A second odd thing is that despite this being characterized as a sale in every article I've read, John Moores is still going to be running this team for some time:
John Moores will remain as majority owner of the Padres for three or four years, even if the ongoing negotiations with a Jeff Moorad-led group yields an agreement, according to major league sources.
So Moores is still going to call the shots and still be Selig's man in San Diego. I'm no expert, but from where I'm sitting, this is less a sale than it is a simple cash infusion for the Padres. I wonder if Moorad's bid would have been approved if he actually wanted to run the team now. I kind of doubt it, and all of this strikes me as Moorad being allowed to enter a kind of ownership training program in exchange for bailing out the cash poor Moores. As everyone knows, the impetus for the sale is Moores' divorce. In light of Moores selling but kinda not really selling, I wonder if the Mrs. Moores divorce attorneys won't try to blow up or at least slow down this deal so that they might determine if any financial shenanigans are involved.
So if Moorad isn't going to come in and sit in the owner's suite on day one, what will he be doing? I'm not sure, but you can bet it will look a lot like what Sandy Alderson does right now:
Major league executives expect CEO Sandy Alderson to leave the Padres at some point this year if Jeff Moorad takes over the front office.

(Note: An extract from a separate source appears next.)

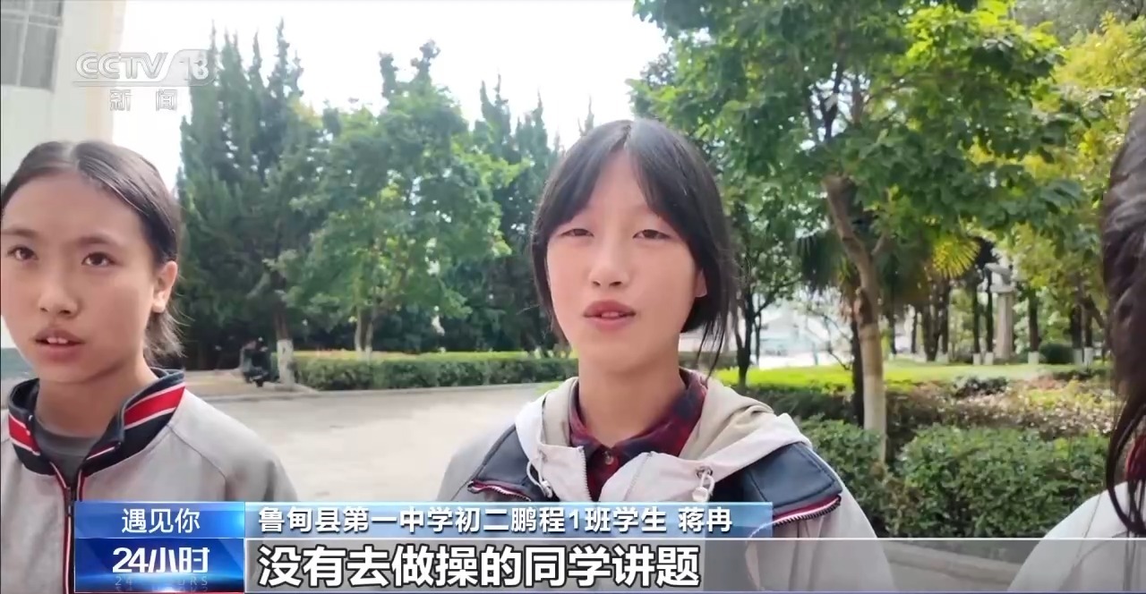 鲁甸县第一中学初二鹏程1班学生 蒋冉:他会帮在学校里面没有去做操的同学讲题,还会帮他周围的同学,比如他的同桌整理桌面。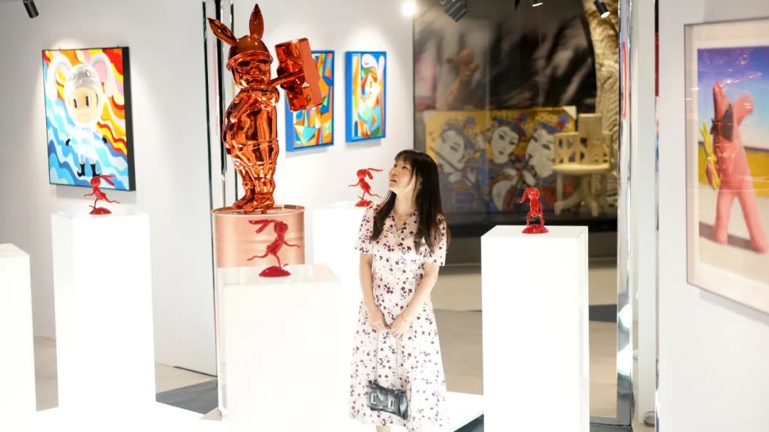 A visitor is attracted by a sculpture at an ongoing exhibition titled "Rabbit in the Eyes of 21 Artists" at the Art Design Center in Luohu District on Thursday. The center is a subvenue of the 19th China (Shenzhen) International Cultural Industries Fair.?

Alderson is a freakin' genius, so that's a real shame. People more familiar with the Padres can opine on the practical fallout of his departure better than I can. I will say, however, that blogger/assistant GM Paul DePodesta had best be careful. My old supervisor had no problem with my blog, but all that changed when a new guy came in. DePo is a cool guy. It would be a shame for him to get Dooced.
The Rangers asked Michael Young to move to third to make room for prospect Elvis Andrus. Since Young is a team leader, a team player, and a gamer, he gladly obliged, and vowed to move his locker next to Andrus' so that he could mentor the lad as he makes his way through his first season in the bigs.
Just kidding, he flipped out and demanded a trade:
The Texas Rangers are exploring trade options for five-time All-Star shortstop Michael Young at the player's request after he became upset about the team's plan to move him to third base . . .
Guess that's not the case anymore. Hmmm . . . I thought the reason the Rangers hired Nolan Ryan was so he could beat the snot out of players who misbehave like this.
Anyway, my guess is that Young's change of heart is based on the Gold Glove he was inexplicably awarded last season and that he now believes his own press clippings. That's meaningless of course -- the GG voters once gave one to a DH -- but if Young believes that such hardware makes him too valuable to move, maybe some GM out there believes it makes him valuable too and will thus be willing to take Young and his obscene contract off Jon Daniels' hands.
As I enter my second week of unemployment, I am starting to disconnect from reality. My beard is bushy and mighty. I've created fanciful fictitious lives for the people I see walking dogs in my neighborhood, and I'm thinking about creating lives for the dogs as well. One note of practical concern is that I'm beginning to lose track of the days, so if it's Sunday and I've just forgot, consider all of today's posts as a nice little bonus as opposed to a monument to my growing cabin fever and insanity, deal?
OK, in the time it took you to read all of that, I've realized that (1) yes, it is Monday; and (2) now that Bob Barker is retired there is absolutely nothing to look forward to about being at home on a weekday.